Eine Insulinpumpe ist ein medizinisches Gerät zur Insulinpumpentherapie (engl. continuous subcutaneous insulin infusion, abgekürzt CSII). Bei der Pumpentherapie wird das Insulinpräparat nicht mehr mittels Spritze oder Insulin-Pen mehrmals am Tag subkutan injiziert, sondern von einer kleinen, programmierbaren Pumpe über einen Katheter und eine Injektionsnadel (Infusionsset) in den Körper geleitet. Die Pumpe wird dauerhaft am Körper getragen, kann aber unter bestimmten Voraussetzungen auch für mehrere Stunden abgelegt werden. Zu diesem Zweck lässt sich der Katheter von der Pumpe abkoppeln und verschließen.
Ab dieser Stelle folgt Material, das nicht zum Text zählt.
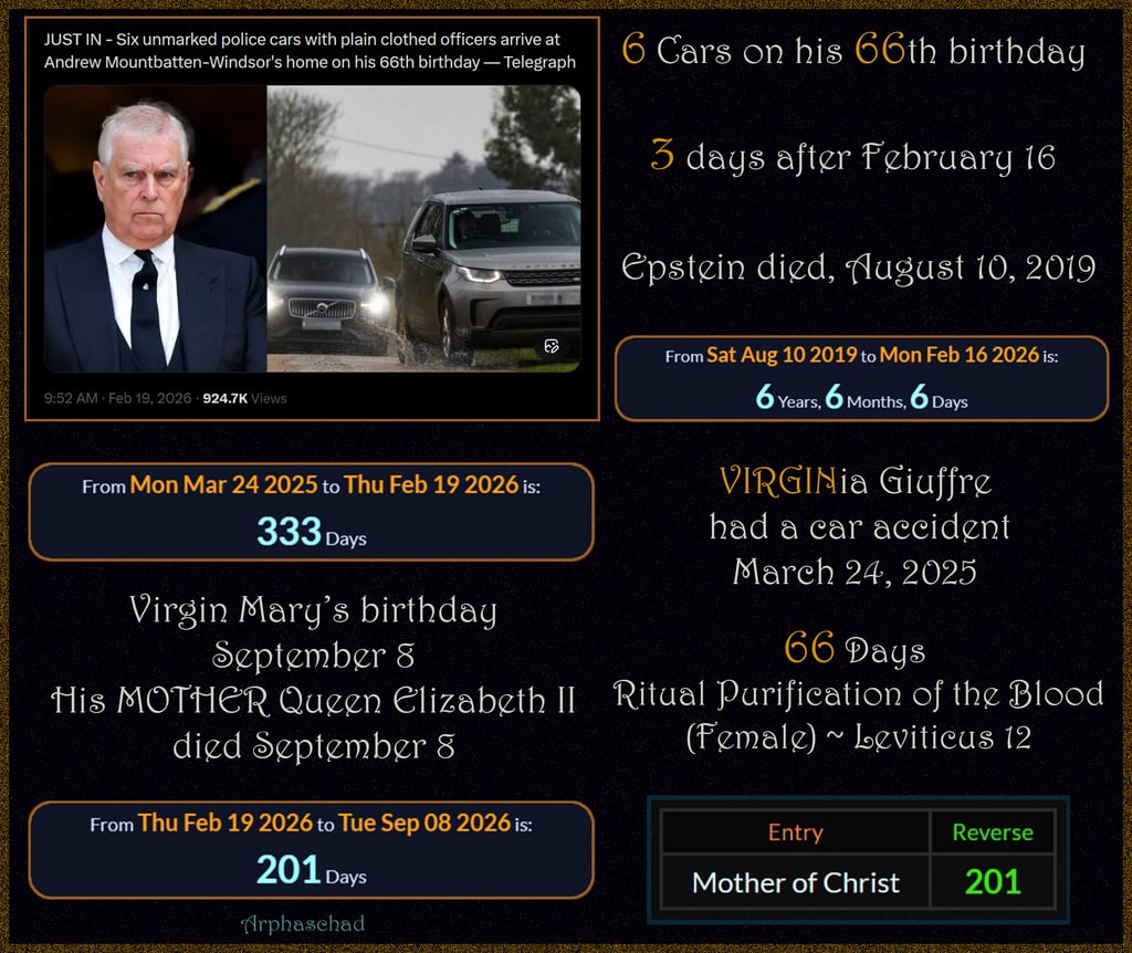 Prince Andrew arrest at age 66, was exactly 7 weeks 0 days to Passover End (Israel) and the anniversary of Pope John Paul's funeral [21st]( April 8, 2005 ).

Im Vordergrund dieser Therapieform stehen Typ-1-Diabetiker, in seltenen Fällen erhalten auch Typ-2-Diabetiker oder Frauen mit einem Gestationsdiabetes eine Insulinpumpe.

In Deutschland tragen im Jahr 2011 geschätzte 55.000 Diabetiker eine Insulinpumpe, seit einigen Jahren entsteht hier ein Insulinpumpenregister. In der Schweiz und Österreich werden 10-20 % der Typ-1-Diabetiker mittels einer Insulinpumpentherapie behandelt.[1]

Wirkprinzip

Das Prinzip ist ähnlich wie bei der intensivierten konventionellen (Insulin-)Therapie (ICT): es gibt eine Basalrate, die den Grundbedarf an Insulin deckt, und individuelle Boli, die für Mahlzeiten und Wertekorrekturen zuständig sind. Das Konzept nennt sich daraus ableitend Basis-Bolus-Prinzip.

In der Pumpe befindet sich ein Reservoir mit immer nur einer Insulinart, entweder mit einem Normalinsulin oder einem schnellwirkenden Analoginsulin. Je nach Pumpenmodell wird als Reservoir entweder ein kleines zylindrisches Gefäß verwendet, das selbst mit Hilfe eines Kolbens (ähnlich einer Spritze) mit Insulin befüllt wird, oder es wird eine fertige Insulinampulle genutzt, wie sie ähnlich in Insulin-Pens zum Einsatz kommt. Ein Reservoir enthält zwischen 1,5 und 3 ml U100(100 I.E.) Insulin, was 150 bis 300 Insulineinheiten entspricht.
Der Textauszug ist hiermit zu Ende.